UUNet problem solved.

September 10, 2000

Sun Sep 10 16:35:00 PDT 2000 — UUNet problem solved. UUNet engineers reset some ATM interfaces in San Francisco, and the problem went away. We noticed the problem because we constantly monitor the path over UUNet between here at Sonic.net and ora.com in Sebastopol. Members probably didn’t notice, as this is a path that we only use to talk to a few sites — traffic to the Internet in general takes a different path. -Scott and Dane

Intermittent, brief periods of high latency…

September 10, 2000

Sun Sep 10 15:28:33 PDT 2000 — Intermittent, brief periods of high latency and packet loss on UUNet’s San Francisco network. We are seeing fleeting amounts of high latency and packet loss on UUNet’s San Francisco network, and we are investigating the problem with UUNet. -Scott

(707) 929-9816 and 17 “not in service”.

September 10, 2000

Sun Sep 10 15:22:28 PDT 2000 — (707) 929-9816 and 17 “not in service”. Our Cobb Mountain tech support and sales lines — 929-9817 and 929-9816 — are giving a “not in service” recording. We are investigating the problem with the phone company serving that number. Note that both Cobb Mountain modem lines (929-9811 and 993-0174) are fine. -Scott, Chris, and Kevan

Excessive disk usage on /home.

September 10, 2000

Sun Sep 10 13:08:36 PDT 2000 — Excessive disk usage on /home. Between 10am this morning and 12:59 this afternoon, the “/home” filesystem was filled up — shell users saw this as a “no space left on device” error. Impact: shell users couldn’t write data to the filesystem. This includes procmail processes running on a user’s behalf that filter mail into individual files under their /home directory. (If you use procmail in this manner, your mail may have been delayed.)

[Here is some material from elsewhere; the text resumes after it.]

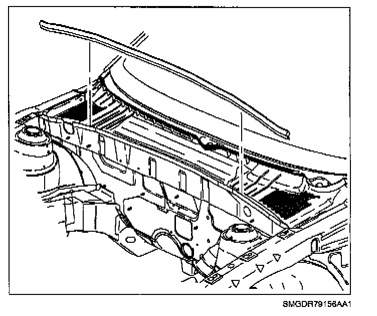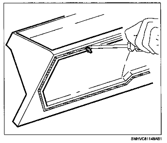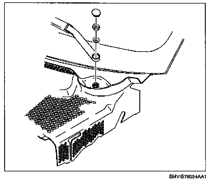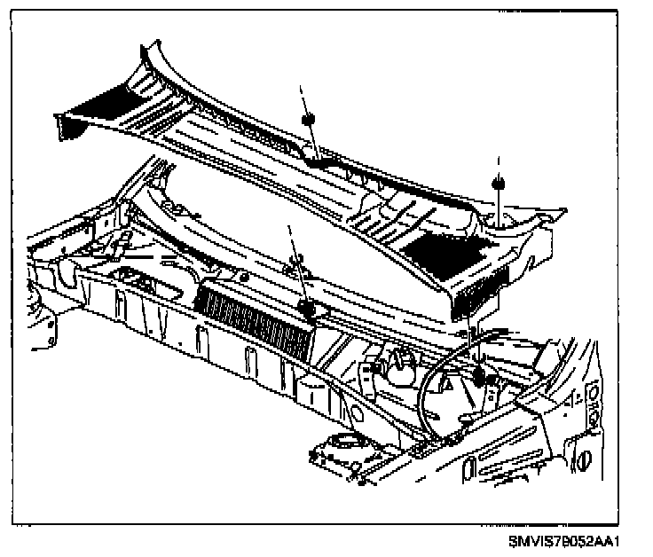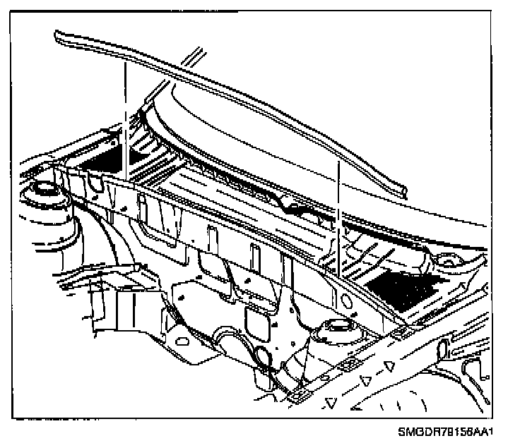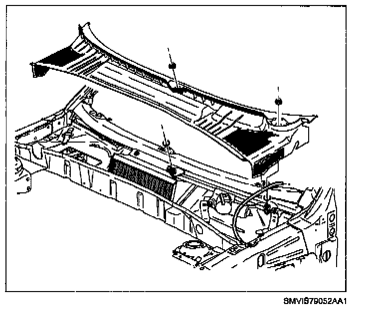 5. Remove weatherstrip at rear of engine compartment.

After executing a “quota resize” on our Network Appliance (NetApp) to clear the condition, we found the reason for the excessive disk usage on /home: -rw——- 1 culprit user 1402852697 Sep 10 12:59 ErrorLog While 1.4 GB files are not normally allowed for members, investigation of the culprit’s shell environment reveals that he had selected options that, as a side effect, did not implement the standard file size checks for user files. This will be corrected shortly.

Additionally (and much to our chagrin), the monitoring tool that pages us when free space on NetApp filesystems shrinks too low didn’t detect the problem. So, though the tool detects physical space problems, the part that checks free space for NetApp quota trees isn’t working properly — and we didn’t know that was the case because we’ve never had a quota tree fill up while using the tool. This, too, will be corrected shortly.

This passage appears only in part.